Wright was also well known in his lifetime. His colorful personal life frequently made headlines, most notably for the failure
of his first two marriages and for the 1914 fire and murders at his Taliesin
studio.
Biography
Early years
Frank Lloyd Wright was born in the agricultural town of Richland Center,
Wisconsin, United States, on June 8, 1867, just two years after the end of the American Civil War. His father, William
Russell Cary Wright was a locally admired orator, music teacher, occasional lawyer and itinerant minster. He had met and married
Anna Lloyd Jones, a county school teacher, the previous year when he was employed as the superintendent of schools for Richland
County. Originally from Massachusetts, William Wright had been a Baptist minister but he later joined his wife's family in the
Unitarian faith. Anna Lloyd Jones was a member of the large, prosperous and well-known Lloyd Jones family of Unitarians, who had
emigrated from Wales to southwestern Wisconsin. Both of Wright's parents were strong-willed individuals with idiosyncratic
interests that they passed on to Frank. His mother declared when she was expecting her first child that he would grow up to build
beautiful buildings. She decorated his nursery with engravings of English Cathedrals torn from a periodical to encourage the
infant's ambition. The family moved to Weymouth, Massachusetts in 1870 where William had been called as a minister to a small
congregation. During this period in the East, Anna visited the Philadelphia Centennial Exhibition and viewed an exhibit of
educational blocks created by Friedrich Wilhelm August Froebel. The
blocks, known as Froebel Gifts, were the foundation of his innovative kindergarten
curriculum. A trained teacher, Anna was excited by the program and purchased a set for her family. As a child, Frank spent a
great deal of time playing with the kindergarten educational blocks. These consisted of various geometrically shaped blocks that
could be assembled in various combinations to form three-dimensional compositions. Wright in his autobiography talks about the
influence of these exercises on his approach to design. Many of his buildings are notable for the geometrical clarity they
exhibit.
Wright's home in Oak Park, Illinois
The family struggled financially in Weymouth and the journey east proved unsuccessful. The Reverend Wright could not provide
for his family from the pastorate's small congregation. The Wrights returned to Spring Green, Wisconsin, where the supportive
Lloyd Jones clan could help William find employment. They settled in Madison, where William taught music lessons and served as
the secretary to the newly-formed Unitarian society. Although William was a distant parent, he shared his love of music,
especially the works of Bach, with his children. Soon after he turned 14 in 1881 Wright's parents separated. Anna had been
unhappy for sometime with William's inability to provide for his family and asked him to leave. The divorce was finalized in 1885
after William sued Anna for lack of physical affection. William left Wisconsin after the divorce and never saw the family again.

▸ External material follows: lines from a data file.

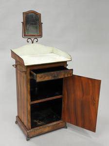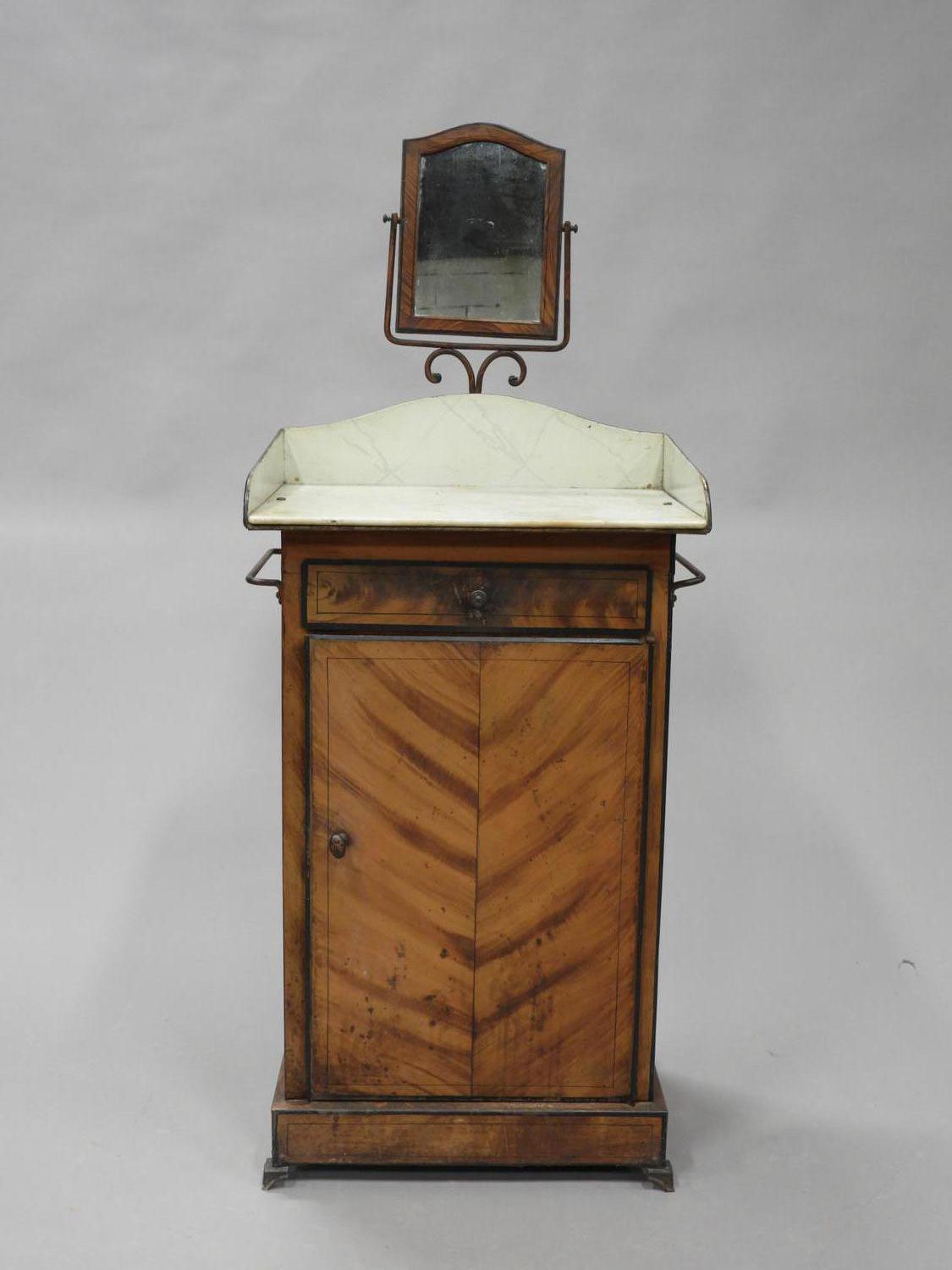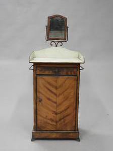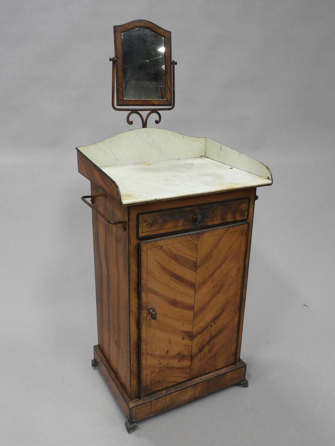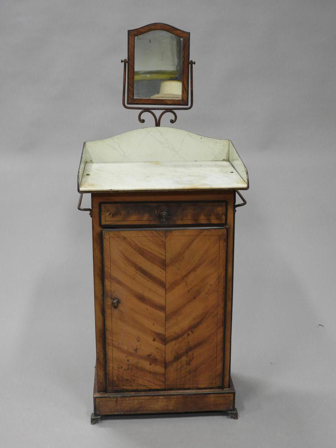 19th century regency style grain painted metal wash stand with mirror, 50" x 20" x 16"
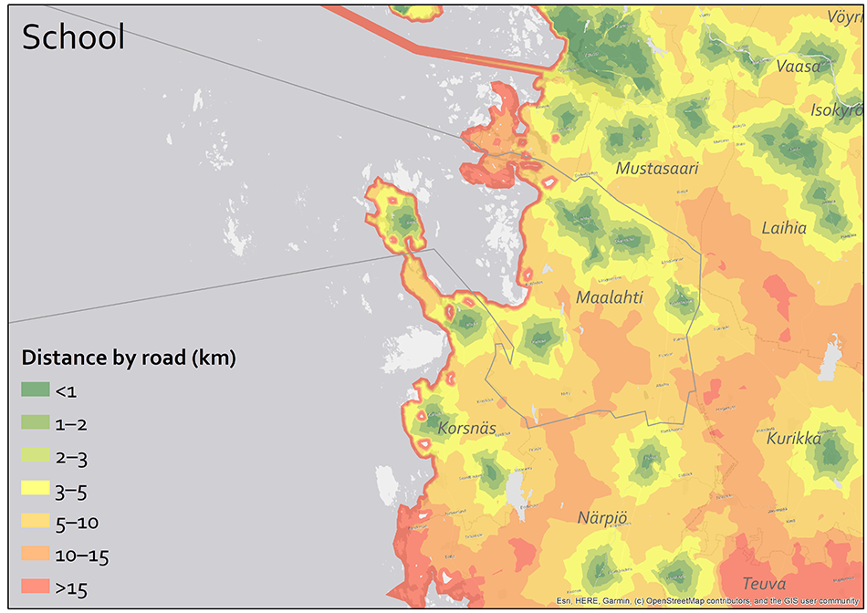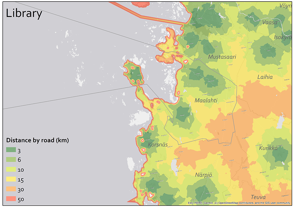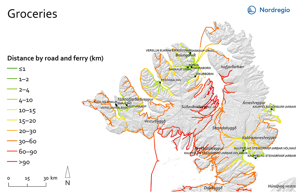 Quantitative data and mapping: Quantitative data was used to develop maps which highlighted the distances to services and general interest across in the Nordic region.
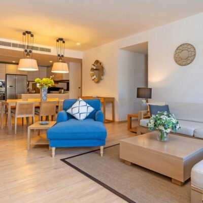 The residence is comprised of 5 bedrooms, 2 master bathrooms, 4 on-suite guest bathrooms, 2 powder rooms, 2 offices, 2 dressing rooms, a media room, an oversized eat-in gourmet chef’s kitchen, and a sprawling 1,100 square-foot Great Room perfectly situated in the prime southwest corner of the floor.
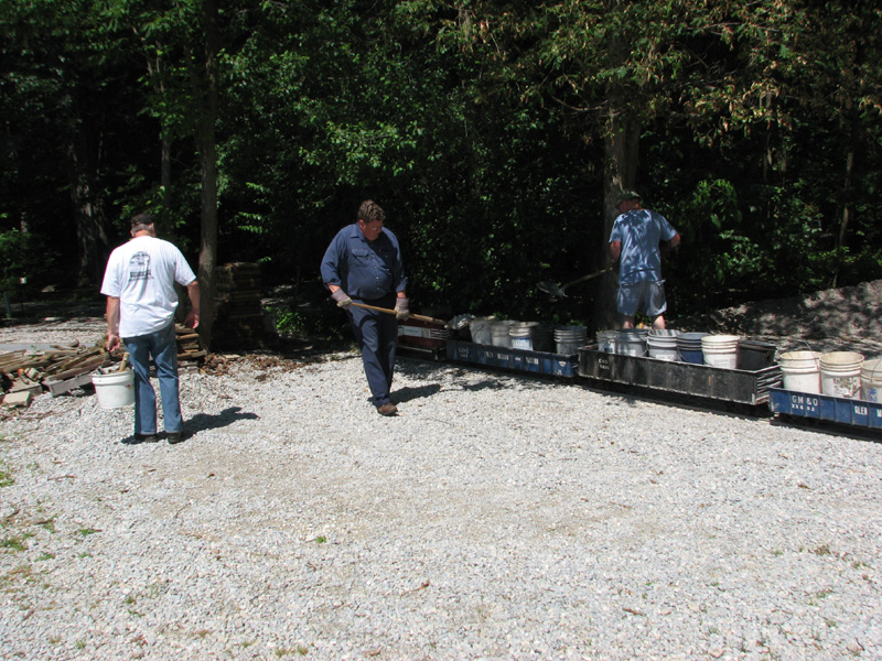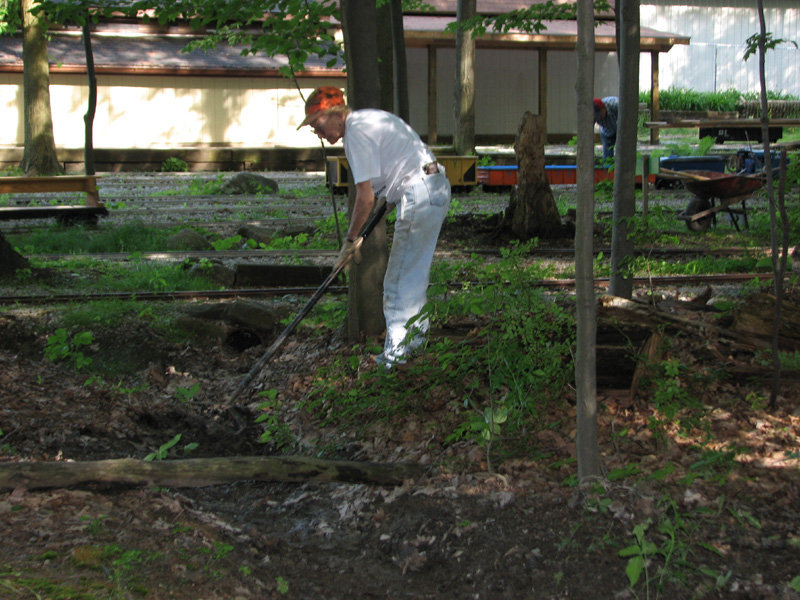 Wally Pausch is getting more steel angle for another pair of "rails". The guys extended the track from in front of the steaming bays, over the tree stumps that were ground out, to the loading area for our Public Runs. |

At this time Frank's middle name was changed from Lincoln to Lloyd. As the only male left in the family, Frank assumed financial
responsibility for his mother and two sisters.

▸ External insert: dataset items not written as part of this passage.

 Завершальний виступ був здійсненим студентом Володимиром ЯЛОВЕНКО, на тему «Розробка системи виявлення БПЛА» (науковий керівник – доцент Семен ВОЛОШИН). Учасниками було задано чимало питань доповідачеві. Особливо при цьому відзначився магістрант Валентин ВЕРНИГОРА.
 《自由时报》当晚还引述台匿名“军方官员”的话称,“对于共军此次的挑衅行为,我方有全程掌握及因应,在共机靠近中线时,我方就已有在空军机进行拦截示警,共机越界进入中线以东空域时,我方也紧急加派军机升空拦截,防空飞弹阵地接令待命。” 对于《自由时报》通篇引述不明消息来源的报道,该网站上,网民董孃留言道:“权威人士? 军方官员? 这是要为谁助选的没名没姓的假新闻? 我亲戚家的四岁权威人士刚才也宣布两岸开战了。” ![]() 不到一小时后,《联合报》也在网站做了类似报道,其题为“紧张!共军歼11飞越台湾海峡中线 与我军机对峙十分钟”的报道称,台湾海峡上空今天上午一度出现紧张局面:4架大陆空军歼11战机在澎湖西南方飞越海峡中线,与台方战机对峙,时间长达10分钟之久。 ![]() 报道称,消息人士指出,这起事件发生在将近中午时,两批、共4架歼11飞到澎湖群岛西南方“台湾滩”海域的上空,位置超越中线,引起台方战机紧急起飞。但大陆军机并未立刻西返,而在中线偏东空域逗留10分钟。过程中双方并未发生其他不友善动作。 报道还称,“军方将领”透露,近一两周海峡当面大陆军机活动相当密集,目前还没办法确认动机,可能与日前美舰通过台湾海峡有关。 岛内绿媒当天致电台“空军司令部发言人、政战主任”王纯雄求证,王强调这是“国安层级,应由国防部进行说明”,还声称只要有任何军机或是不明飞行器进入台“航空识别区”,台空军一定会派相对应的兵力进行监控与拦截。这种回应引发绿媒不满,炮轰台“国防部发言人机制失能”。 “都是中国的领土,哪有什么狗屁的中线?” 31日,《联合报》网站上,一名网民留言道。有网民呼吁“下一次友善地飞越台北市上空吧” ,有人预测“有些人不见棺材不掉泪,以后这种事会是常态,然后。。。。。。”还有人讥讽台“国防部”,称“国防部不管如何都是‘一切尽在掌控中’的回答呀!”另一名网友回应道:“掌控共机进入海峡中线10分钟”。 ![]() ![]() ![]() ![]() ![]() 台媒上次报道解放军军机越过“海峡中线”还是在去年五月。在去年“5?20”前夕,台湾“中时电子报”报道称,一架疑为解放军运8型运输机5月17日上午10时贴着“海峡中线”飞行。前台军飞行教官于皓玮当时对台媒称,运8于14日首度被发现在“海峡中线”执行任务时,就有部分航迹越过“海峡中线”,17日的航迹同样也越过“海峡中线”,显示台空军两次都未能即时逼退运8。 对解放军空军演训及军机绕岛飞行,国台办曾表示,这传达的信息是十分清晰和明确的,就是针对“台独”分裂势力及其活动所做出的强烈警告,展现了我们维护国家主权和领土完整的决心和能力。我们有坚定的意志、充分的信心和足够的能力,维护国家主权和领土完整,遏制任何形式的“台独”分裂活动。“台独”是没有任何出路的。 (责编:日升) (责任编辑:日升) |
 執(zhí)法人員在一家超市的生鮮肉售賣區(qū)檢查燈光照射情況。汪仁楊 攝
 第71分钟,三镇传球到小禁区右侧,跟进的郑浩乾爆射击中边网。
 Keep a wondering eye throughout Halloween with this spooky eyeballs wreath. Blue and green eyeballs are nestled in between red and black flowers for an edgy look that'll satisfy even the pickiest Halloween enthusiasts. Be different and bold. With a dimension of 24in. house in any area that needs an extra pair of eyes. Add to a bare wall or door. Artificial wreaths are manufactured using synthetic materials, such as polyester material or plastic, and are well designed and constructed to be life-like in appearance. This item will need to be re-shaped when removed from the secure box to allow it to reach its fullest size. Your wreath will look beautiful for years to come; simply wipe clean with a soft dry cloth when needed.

Wright never attended high school and was admitted to the University of Wisconsin as a special student in 1885. He took
classes part-time for two semesters, while apprenticing under a local builder and professor of civil engineering. In 1887, Wright
left the University without taking a degree (although he was granted an honorary Doctorate of Fine Arts from the University in
1955) and moved to Chicago, Illinois, still rebuilding from the Great Chicago Fire of
1871, where he joined the architectural firm of Joseph Lyman Silsbee. Within the year, he had left Silsbee to work for the
firm of Adler & Sullivan.
In 1889, he married his first wife, Catherine Lee "Kitty" Tobin, purchased land in Oak
Park, Illinois, and built his first home, and eventually his studio there. His mother, Anna, soon followed Wright to the
city, where he purchased a home adjacent to his newly-built residence for her. His marriage to Kitty Tobin, the daughter of a
wealthy businessman, raised his social status, and he became more well-known. [1]

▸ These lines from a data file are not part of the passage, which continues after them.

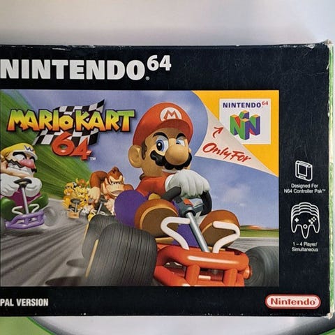 Mario Kart 64 Kuvien mukainen N64 paketti katso kuvat. laatikko: (NUKV) siisti, jämäkkä laatikko. Käyttö ohjeet (NUKA4) siisti, Suomen kielinen osio. Sisäpahvi: ehjä, siisti. Peli: siisti, toimiva. Maakoodi: EUR / NUS-EUR-1 / PAL VERSION - Peli toimii Suomi/Eurooppa Konsolissa.
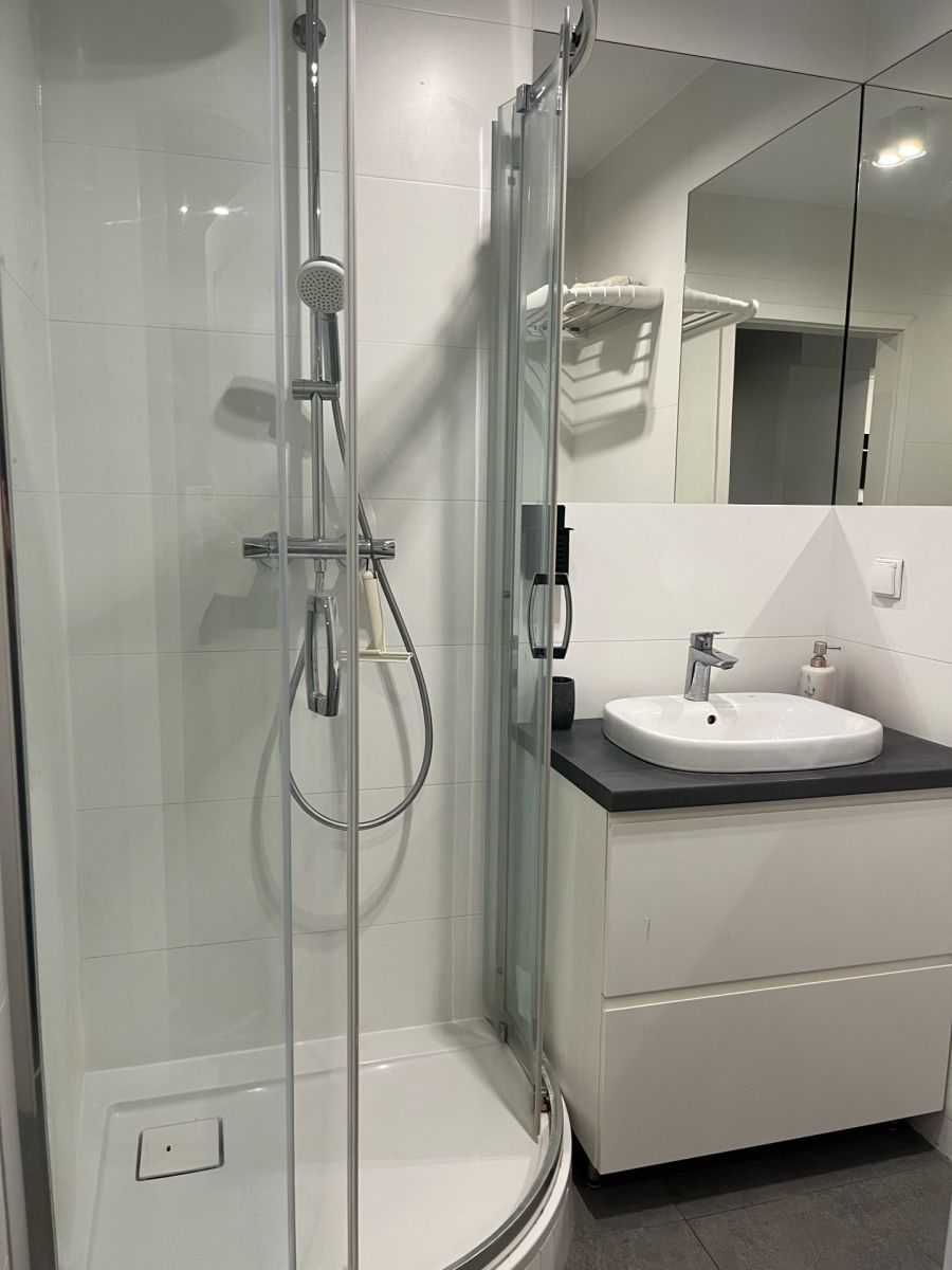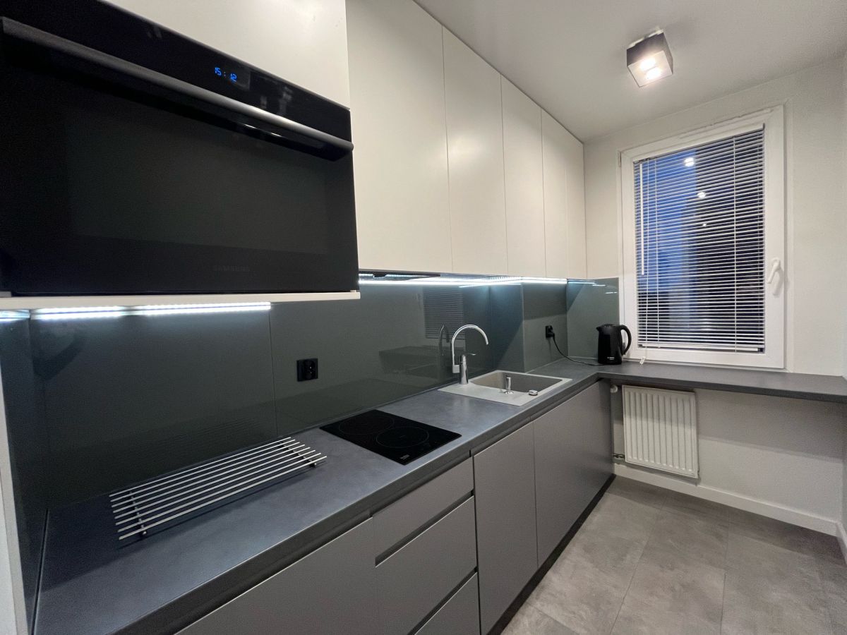 - nowoczesne AGD (lodówka, piekarnik 2 w 1 z mikrofalą, płyta indukcyjna, okap, pralko-suszarka),
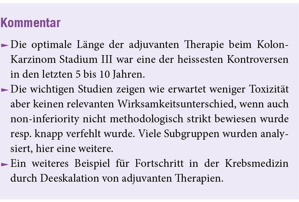 In der IDEA-Kooperation (International Duration Evaluation of Adjuvant Therapy) wurde untersucht, ob die Verabreichung von 3 Monaten adjuvantem FOLFOX oder CAPOX bei Patienten mit Darmkrebs im Stadium III einer Behandlung von 6 Monaten nicht unterlegen wäre. Noninferiority wurde definiert als die Obergrenze des 2-seitigen 95%-CI der Hazard Ratio (HR) für DFS bis über 1,12. In der Gesamtbevölkerung betrug die HR für DFS 1,07 (95% CI, 1,00 bis 1,15); Daher wurde keine Unterlegenheit nachgewiesen, obwohl sie bei Patienten, die CAPOX erhielten, und insbesondere in der Niedrigrisiko-Untergruppe von Patienten mit T1-3- und N1-Tumoren bestätigt wurde.14 Eine anschliessende Analyse des OS unterstützte die Verwendung von 3 Monaten adjuvanter CAPOX-Therapie.
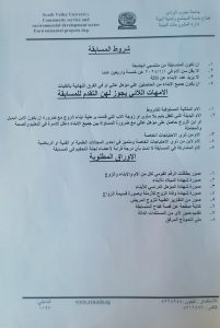 حيث تسلم أوراق المتسابقات المشاركات الى الكليات أو الادارات التابعين لها وتسلم مجمعة فى ادارة المشروعات البيئية فى موعد غايته 1 فبراير

Beginning in 1890, he was assigned all residential design work for the firm. In 1893, Louis
Sullivan discovered that Wright had been accepting private commissions. Sullivan felt betrayed that his favored employee
had designed houses "behind his back", and he asked Wright to leave the firm. Constantly in need of funds to support his growing
family, Wright designed the homes to supplement his meager income. Wright referred to these houses as his "bootleg" designs and
the homes are located near the Frank Lloyd Wright Home and Studio, on
Chicago Avenue in Oak Park. After leaving Sullivan, Wright established his own practice at his home. By 1901, Wright's completed
projects numbered approximately fifty, including many houses in Oak Park.
Prairie House
Between 1900 and 1917, his residential designs were "Prairie Houses" (extended low
buildings with shallow, sloping roofs, clean sky lines, suppressed chimneys, overhangs and terraces, using unfinished materials),
so-called because the design is considered to complement the land around Chicago. These houses are credited with being the first
examples of the "open plan."
In fact, the manipulation of interior space in residential and public buildings, such as Unity
Temple, the home of the Unitarian Universalist congregation in Oak Park, are hallmarks of his style. A lifelong Unitarian
and member of Unity temple, Wright offered his services to the congregation after their church burned in 1904. The community
agreed to hire him and he worked on the building between 1905 through 1908. He believed that humanity should be central to all
design. Many examples of this work can be found in Buffalo, New York, resulting from a
friendship between Wright and an executive from the Larkin Soap Company,
Darwin D. Martin. In 1902 the Larkin Company decided to build a
new administration building.
Wright came to Buffalo and designed not only the first sketches for the
Larkin Administration Building (completed in 1904, demolished in 1950),
but also homes for three of the company's executives:
Hillside Home School, 1902, Taliesin, Spring Green, Wisconsin
- Darwin D. Martin House, Buffalo NY, 1904
- William Heath House, Buffalo NY, 1905
- and later, the Graycliff estate, Derby, NY 1926
The Westcott House [1] was built between
(1907 and 1908), in Springfield, Ohio. It not only embodies Frank Lloyd Wright’s innovative Prairie Style design but also
reflects his passion for Japanese art and culture as the Westcott House displays unique design traits characteristic of
traditional Japanese design. The Westcott House is the only Prairie house to be built in Ohio, and it represents an important
evolution of Wright’s Prairie concept. The Westcott House includes an extensive ninety-eight foot pergola, capped with an
intricate wooden trellis, that connects a detached carriage house and garage to the main house -- features that are included in
only a few of Wright’s later Prairie Style houses designs.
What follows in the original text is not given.